Лили достала из-под журналов пачку фотографий и снова стала их просматривать.

Вот они с Бето в обнимку идут по аллее в парке Чапультепек…

Вот Бето во весь рот улыбается Лили, чуть ли не касаясь носом ее щеки…

Вот Лили, привстав на цыпочки, страстно прильнула к губам Бето…

Лили достала лист бумаги и авторучку.

— Пиши!

— За это, — еле ворочая языком, сказал Кики, — я потребую дополнительное вознаграждение.

— Пиши… «Вы мне очень нравитесь, и мне больно видеть, как человек, которому вы симпатизируете, так нагло вас обманывает». Поставь точку. Подпиши так: «Доброжелатель».

Она достала конверт, вложила в него три отобранные ею фотографии и записку.

— Надо, чтобы это попало на глаза Марисабель, — сказала она, опуская конверт в карман пиджака Кики и снова целуя его в голову.

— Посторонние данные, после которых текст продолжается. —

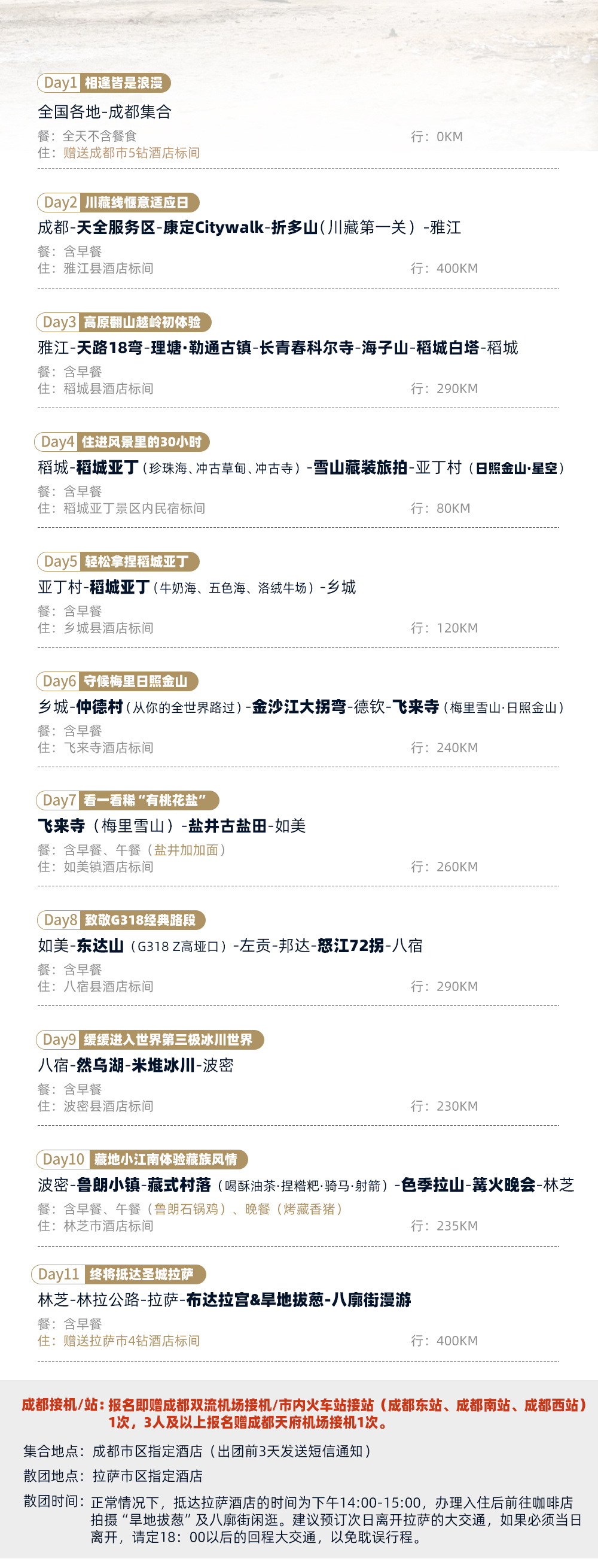 注:如团队人数未达到9人,康定citywalk及八廓街漫游则改为自由行,我社会提供漫游攻略以供参考。
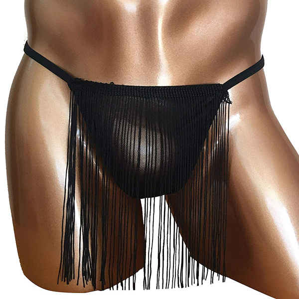 昔懐かしいふんどしが現代風に蘇る!フリンジ付のメンズ用Tバック(黒)。
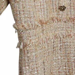 Mac Duggal. High neck 3/4 Sleeve Beaded Trim Midi Dress Chic tweed pencil dress with button details. Features three-quarter sleeves. Ideal for elegant occasions. Wore for a 2 hour bridal luncheon one time. Excellent condition.

— А за это я потребую дополнительное вознаграждение! — как попугай, проворчал задремывающий Кики.

— А я тебе его дам, — повторяя хмельную интонацию Кики, сказала Лили. — Но не раньше, чем ты доведешь дело до конца…

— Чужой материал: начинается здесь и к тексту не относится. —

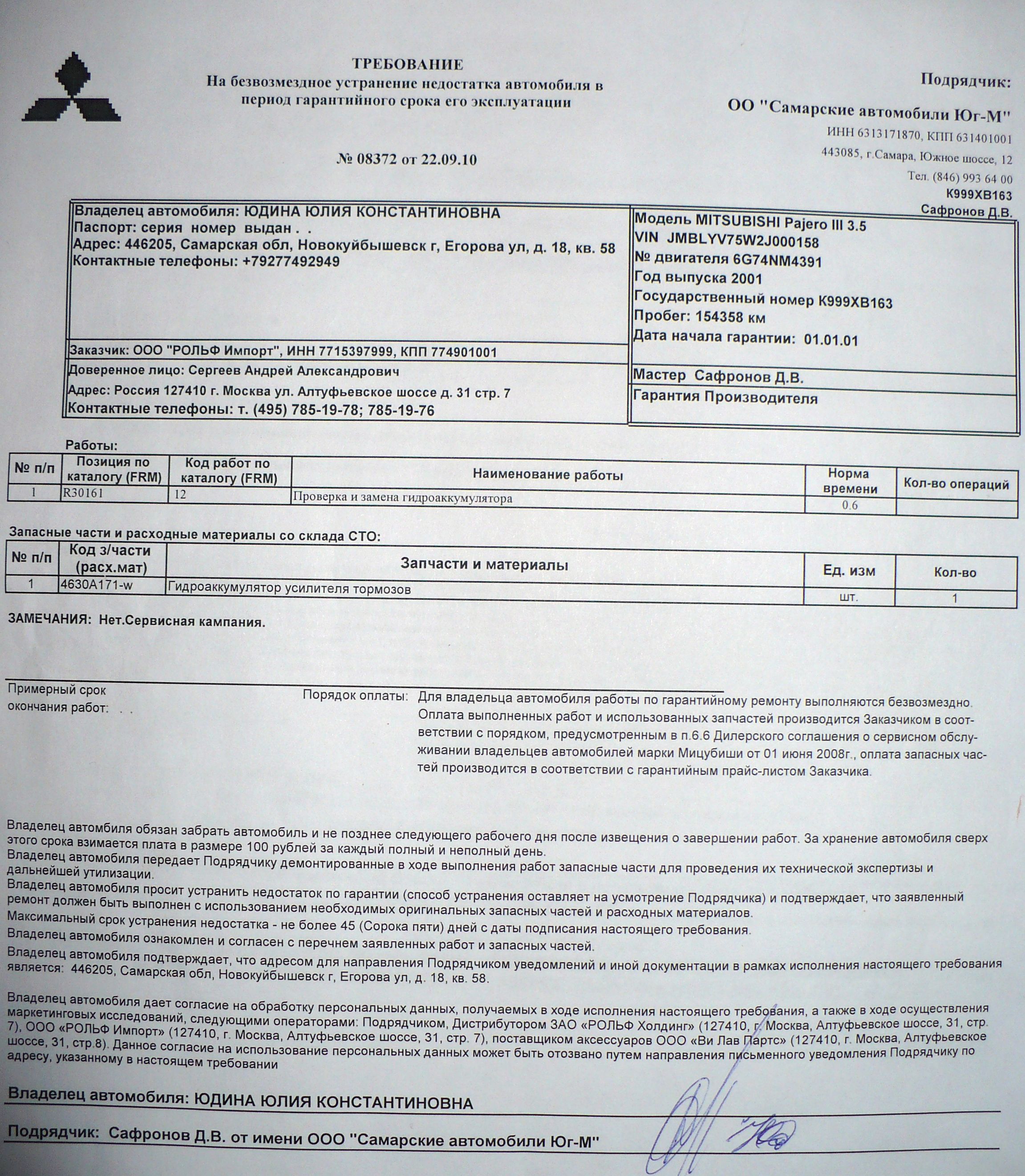 СТОП!!!Y.vovan писал(а):У меня так же началось "бжинь бжинь бжинь" под панелью,гидроаккумулятор тормозов накрылся.Поехал к офециалам,а они мне говорят,что это гарантийный случай,типа косяк Mitsubishi и поменяли все бесплатно,у меня аж глаза на лоб полезли.Машине все таки 9лет.

— Люблю доводить дела до конца, — пошлым голосом сказал, встрепенувшись, Кики и сально подмигнул Лили.

— Гуд бай, гуд бай! — подтолкнула она его к выходу.

После ухода Кики она заперла дверь своей комнаты и начала рвать на мелкие кусочки оставшиеся фотографии.

Пожалела только одну — из тех, где она целуется с Бето у дерева.

Она спрятала ее в фотоальбом «Мадонна», поставила альбом на полку и, подойдя к зеркалу, стала медленно перед ним раздеваться.

Стриптиз перед зеркалом возбуждал ее с тринадцати лет.

Она подмигнула своему нагому отражению:

— Лили, какая ты дрянь… Но до чего же красивая…

Глава 34

Джоана сидела у постели Марисабель и гладила ее по голове. Словно наверстывала годы и годы, когда ее рука была разлучена с волосами дочери.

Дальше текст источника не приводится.